Derived from Spanish 'mi amor' meaning 'my love,' repurposed as a given name endearment.
Miamor sits at the luminous intersection of name and endearment. It echoes the Spanish phrase mi amor — "my love" — that has graced poetry, song, and whispered conversation across the Spanish-speaking world for centuries. The fusion into a single given name transforms a declaration of feeling into an identity, the way Dolores was once "sorrows" and Esperanza was "hope" before they became simply, beautifully, names.
In this sense Miamor belongs to a long tradition of Latinate cultures encoding deep emotion directly into a child's name at birth. As a standalone given name, Miamor is rare and largely modern — a creative coinage that began appearing in records in the late twentieth century, likely among families who wanted something that sounded both romantic and unique.
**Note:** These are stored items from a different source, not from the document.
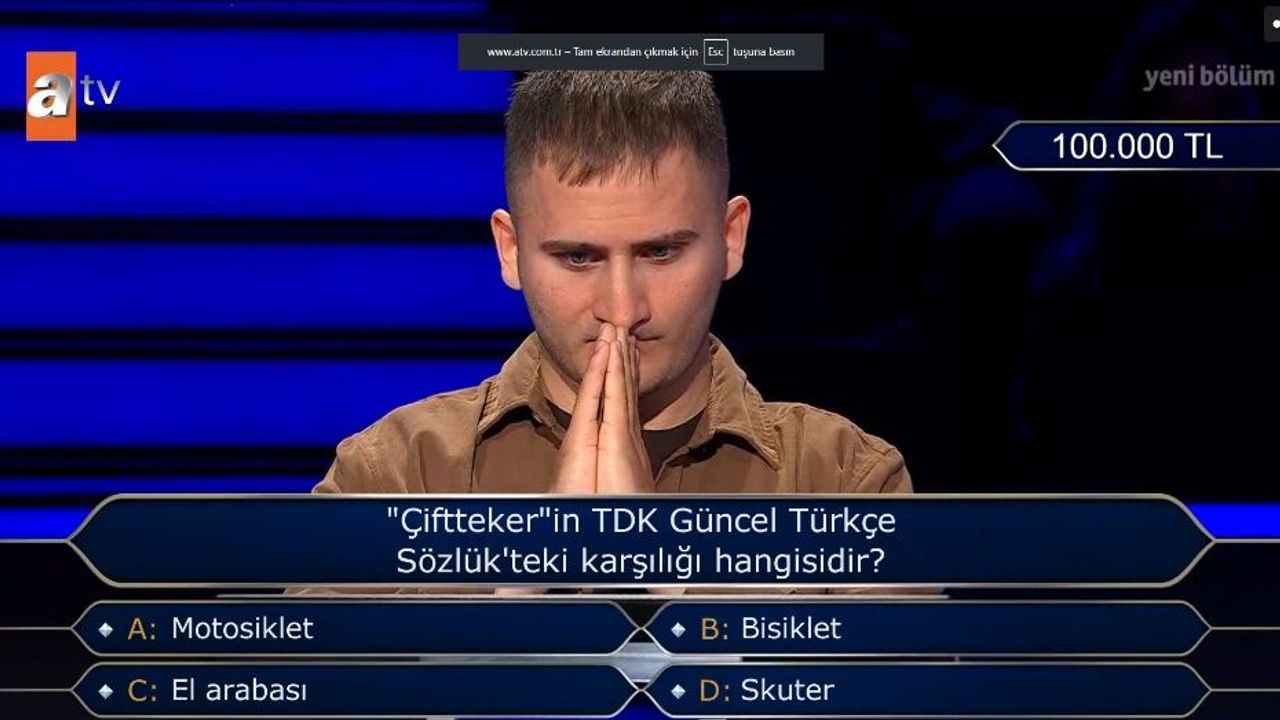 Kenan İmirzalıoğlu'nun sunumuyla ekranlara gelen yarışmanın yeni bölümünde, kelime bilgisi üzerine sorulan bir soru geceye damga vurdu. Yarışmacı, TDK Güncel Türkçe Sözlük'teki karşılığı üzerinden sorulan "çiftteker" sorusunda oldukça zorlandı.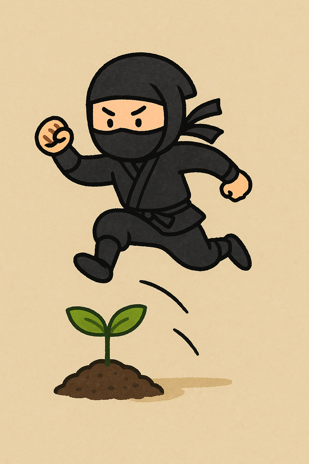 ――忍者が跳躍力を鍛えるために、麻の苗を植えて、毎日飛び越える。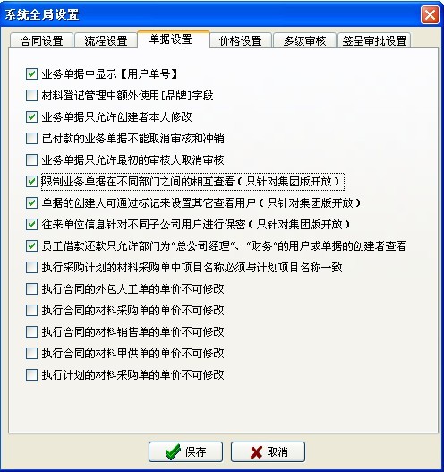 (2)材料采購單、材料銷售單、材料退貨單、外包人工單、外包機械單、運輸車輛單、租賃結(jié)算單、其它費用單、設(shè)備采購單、設(shè)備維修單、設(shè)備退貨單、付款申請單、付款單、收款單 (涉及財務(wù)的這14個單據(jù)) 對于【財務(wù)部】也不受該條件限制,可以查看所有部門單據(jù)。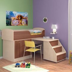 Кровать-чердак "Дюймовочка-2" подойдет детям от 1,5 до 10 лет. Кровать объединяет удобное спальное место, тумбу с полками для хранения вещей, письменный стол и лестницу, в ступеньках которой имеются вместительные ящики. Такой уголок экономит пространство в детской комнате, при этом обеспечивая все необходимые функции.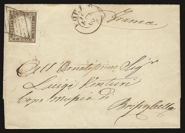 Lettera con 10 cent bruno nerastro (148b) Sardegna da Forlė 16 feb. 60 per Brisighella Governo Provvisorio - cert. Bottacchi
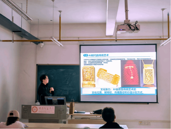 团委网3月26日消息(通讯员 黄为 报道)为共同探讨AI浪潮下传统工艺的传承与创新路径,2025年3月25日14时,武昌理工学院创意设计学院特邀中国地质大学(武汉)珠宝学院博士研究生蒋振宇,在非遗文化馆4楼404学术会议室成功举办了“AI驱动时代的设计与价值重构”主题学术讲座。此次活动由创意设计学院工艺美术系、工艺美术协会联合主办,吸引了众多设计专业师生到场聆听。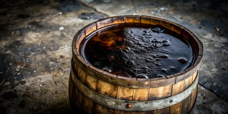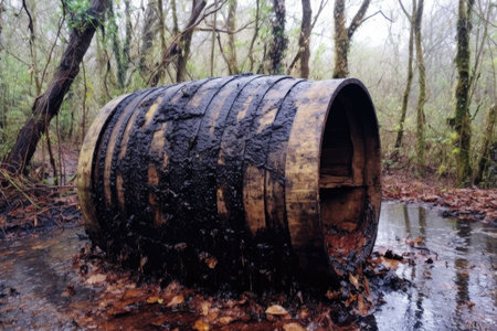 rainwater collected in the hollow of a worn barrel, created with generative ai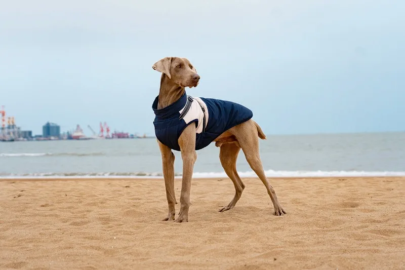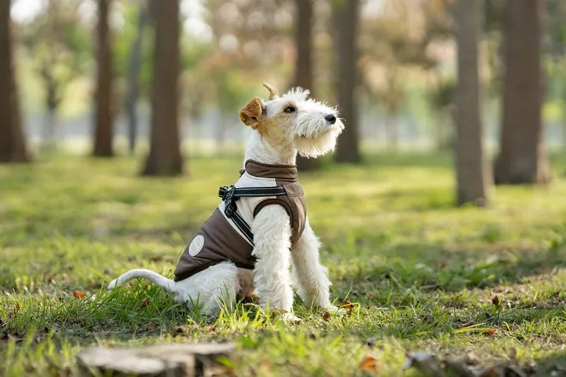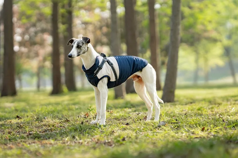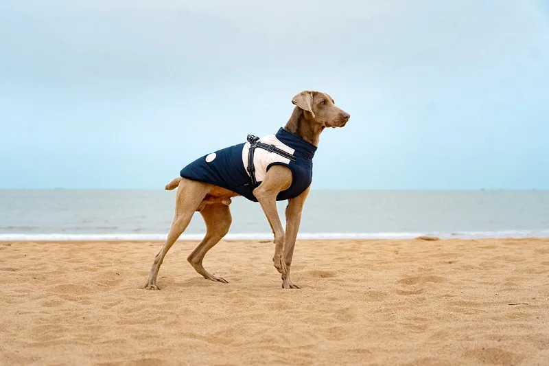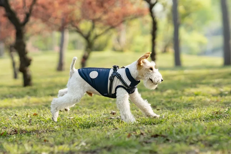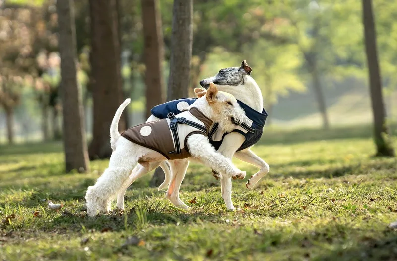 Abrigo para perros al aire libre con anillo, chaleco para perros de otoño e invierno, ropa impermeable con rayas reflectantes para perros, ropa de algodón con forro polar para mascotas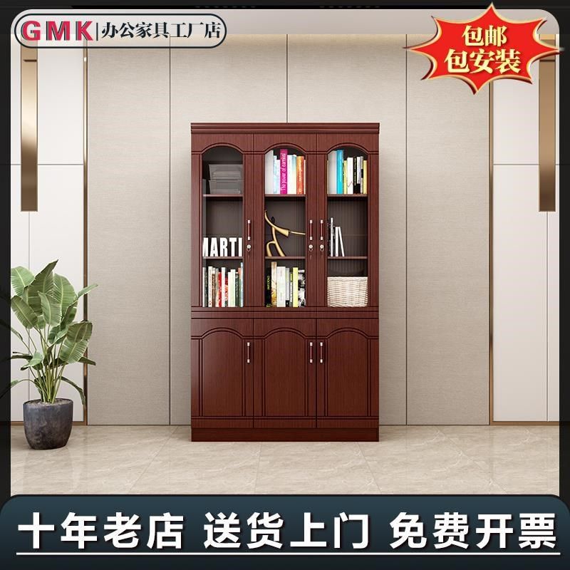 办公文件柜木质办公室资料档案柜带玻璃书柜带锁家用收纳储物柜子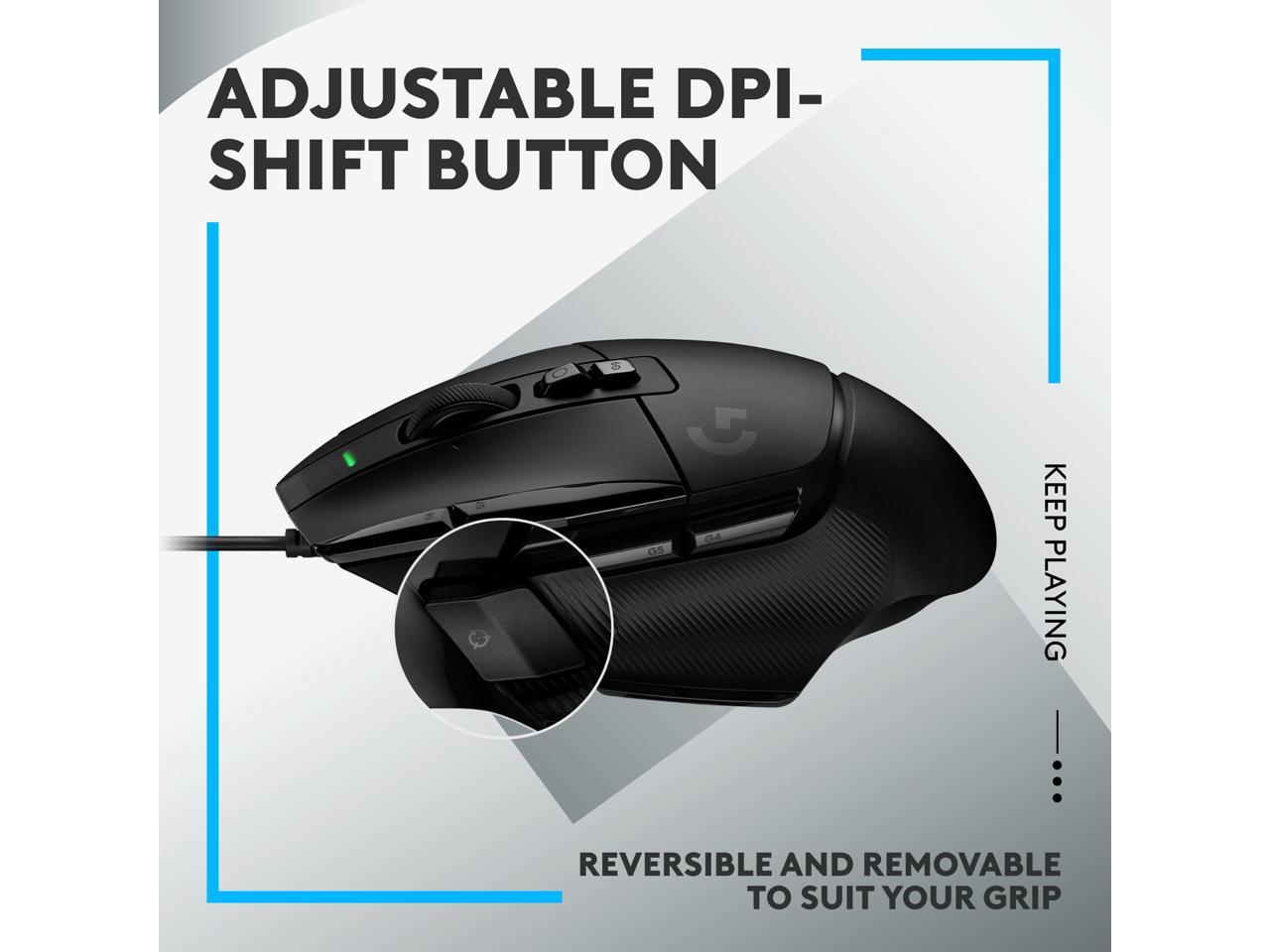 - Redesigned DPI-shift button: This wired optical gaming mouse features a reversible and removable DPI-shift button for precise customization depending on your grip and preference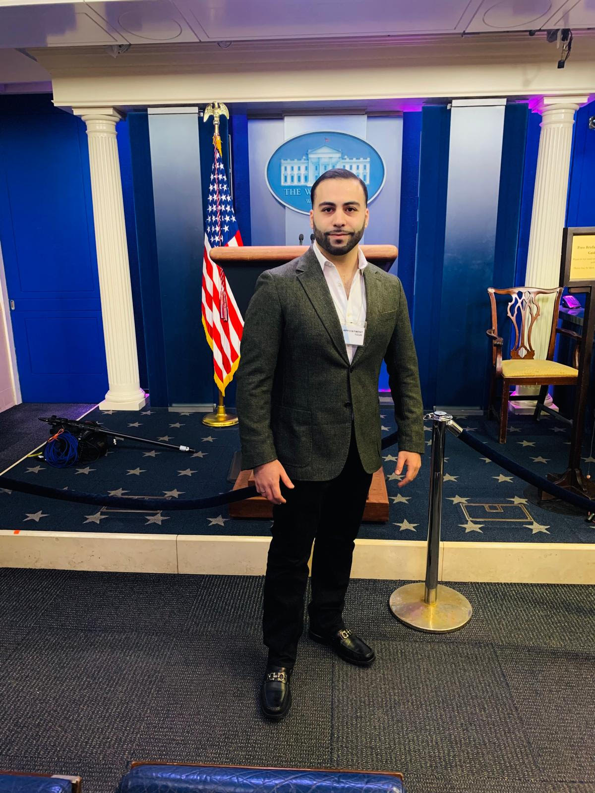 Dr. Amin Halum at the White House Press Room — representing the growing influence of Arab-American leadership in U.S. policy, diplomacy, and global affairs.
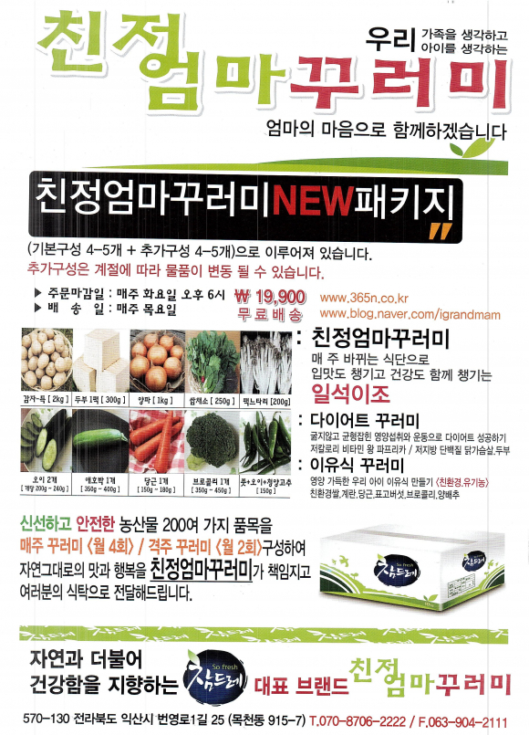 Ä£Á¤¾ö¸¶²Ù·¯¹Ì´Â ÀüºÏ ÀÍ»ê ¸ñõµ¿ ³ó¾÷ȸ»ç¹ýÀÎ(ÁÖ)Âüµå·¹¿¡ ½ÅûÇϸé Åù踦 ÅëÇØ 2ÁÖ¿¡ ÇÑ ¹ø¾¿ 1¸¸9õ900¿ø¿¡ ¹Þ¾Æº¼ ¼ö ÀÖ´Ù. ǰ¸ñÀº ģȯ°æ ÀÎÁõÀ» ¹ÞÀº ä¼Ò¿Í °úÀÏ, ´Þ°¿ µî 10¿© °¡Áö´Ù.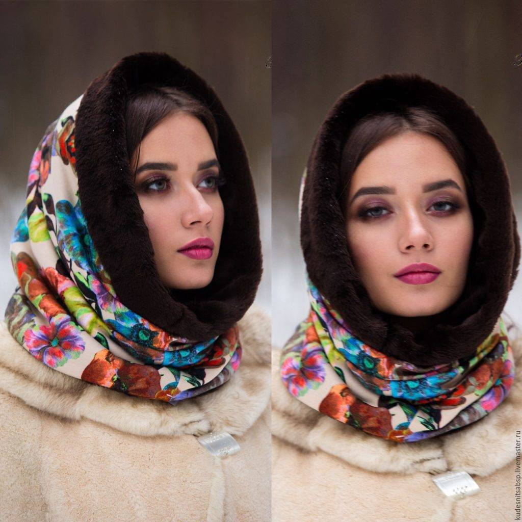 Шарфа вместо шапки можно носить с чем угодно: с шубой, пальто, футболками. Достаточно правильно сочетать все элементы гардероба и не создавать вычурных контрастов.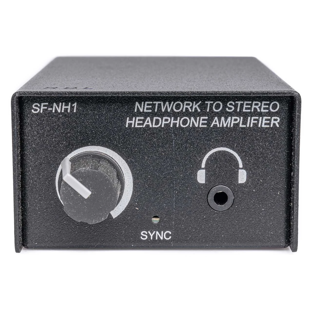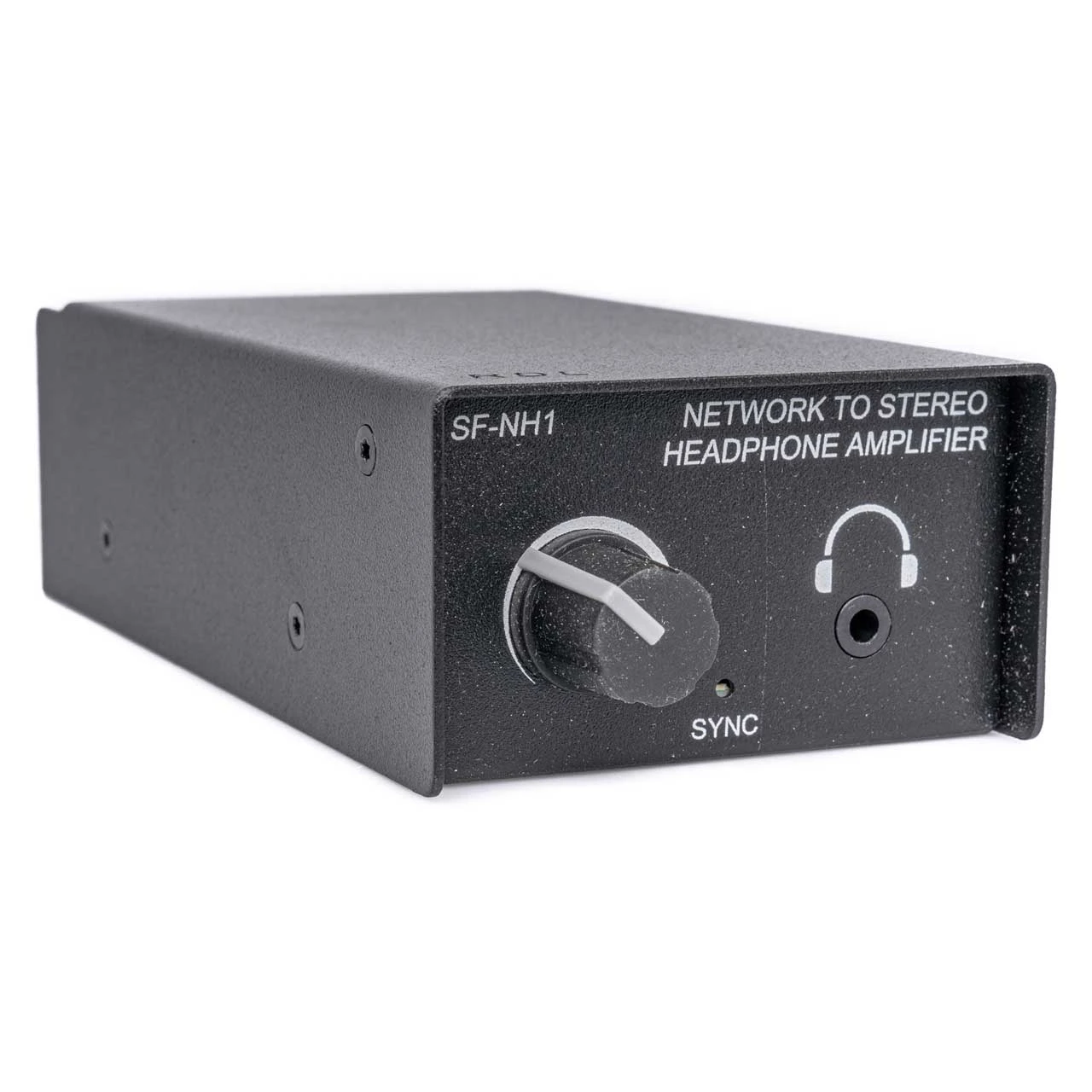 The SF-NH1 is a headphone amplifier that converts two Dante network audio channels to a stereo headphone output with front-panel level adjustment. The output connects through a stereo 3.5 mm Mini-jack. Each channel provides 100 mW into 100 ohms for a network digital audio level of 0 dBFS. Special software is not required to configure the module. The SF-NH1 is a professional grade product for studio quality fidelity and low noise performance.

It may also be read as a blending of Mia, itself a Scandinavian and Italian diminutive of Maria, with Amor, the Latin and Spanish word for love and the name of the Roman god of love equivalent to the Greek Eros.
Under that reading, the name carries classical mythology alongside contemporary romance. Miamor appeals to parents seeking something genuinely uncommon that nonetheless feels warmly familiar on the ear. Its melodic four syllables — mee-ah-MOR — move with a natural rhythm, and its meaning is impossible to misunderstand. In a naming landscape full of invented combinations, Miamor stands out as a coinage with genuine emotional clarity: it was always going to mean "my love," no matter what language you learned first.